*REQUIREMENT*. Omit all pictures, then retype the data exactly as given.

*DATA SECTION*.

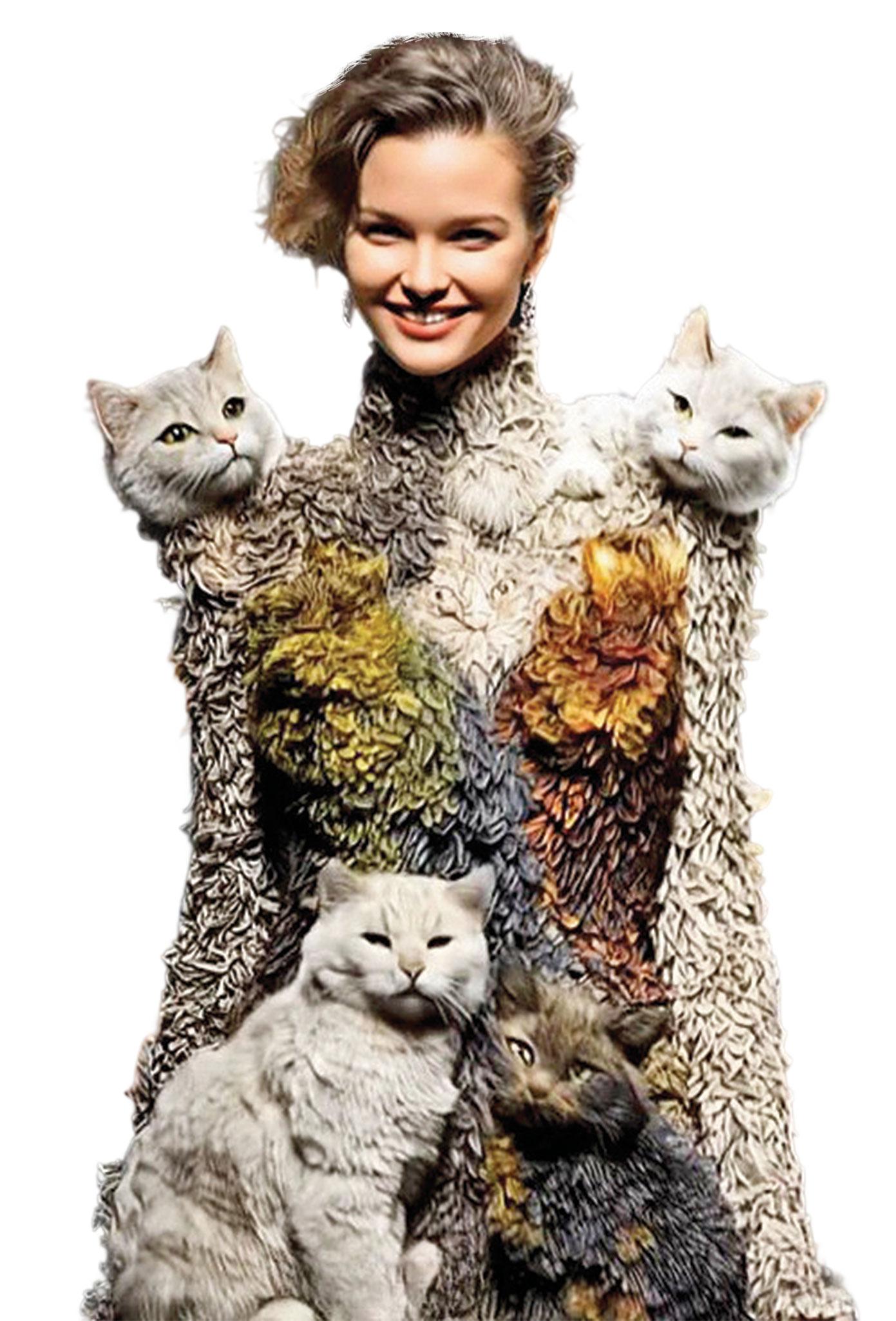 મહિલા મૉડલોએ જાણે જીવતીજાગતી બિલાડીઓ કપડાંમાં ભરાવી હોય એવો ભાસ થાય છે. બિલાડીના ફર જેવું જ ફૅબ્રિક ધરાવતી બિલાડીઓ જાણે અસલી હોય એવો ભાસ આર્ટિફિશ્યલ ઇન્ટેલિજન્સ (AI) દ્વારા આપવામાં આવ્યો હતો
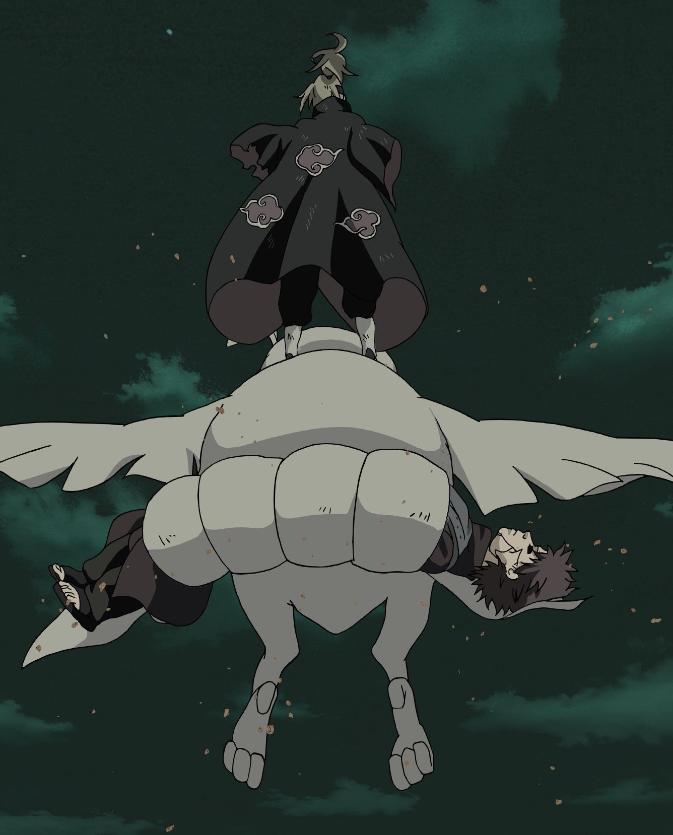 Deidara s'enfuit avec le corps de Gaara, poursuivi avec chaleur par Naruto et Kakashi.
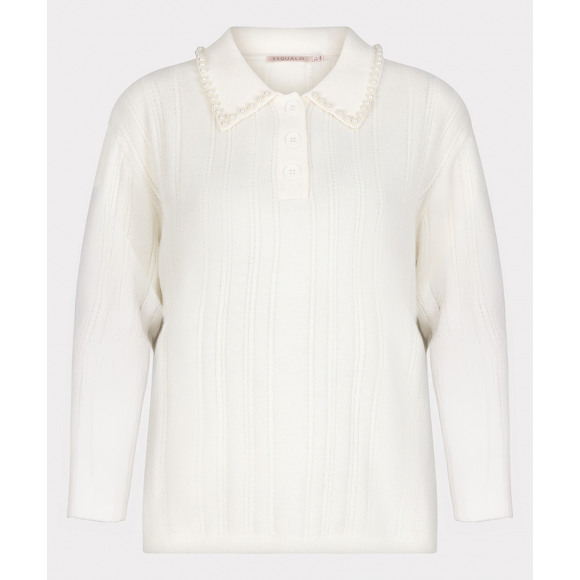Trui van het merk Esqualo. Deze elegante fijngebreide trui in een frisse witte tint is uitgevoerd met een klassiek polokraagje dat prachtig is afgewerkt met pareldetails voor een vrouwelijke en luxe uitstraling. De subtiele verticale structuur in de stof geeft het geheel een verfijnde touch, terwijl de knoopsluiting aan de hals zorgt voor een stijlvolle, tijdloze look.

*RESULT*.
 મહિલા મૉડલોએ જાણે જીવતીજાગતી બિલાડીઓ કપડાંમાં ભરાવી હોય એવો ભાસ થાય છે. બિલાડીના ફર જેવું જ ફૅબ્રિક ધરાવતી બિલાડીઓ જાણે અસલી હોય એવો ભાસ આર્ટિફિશ્યલ ઇન્ટેલિજન્સ (AI) દ્વારા આપવામાં આવ્યો હતો
 Deidara s'enfuit avec le corps de Gaara, poursuivi avec chaleur par Naruto et Kakashi.
Trui van het merk Esqualo. Deze elegante fijngebreide trui in een frisse witte tint is uitgevoerd met een klassiek polokraagje dat prachtig is afgewerkt met pareldetails voor een vrouwelijke en luxe uitstraling. De subtiele verticale structuur in de stof geeft het geheel een verfijnde touch, terwijl de knoopsluiting aan de hals zorgt voor een stijlvolle, tijdloze look.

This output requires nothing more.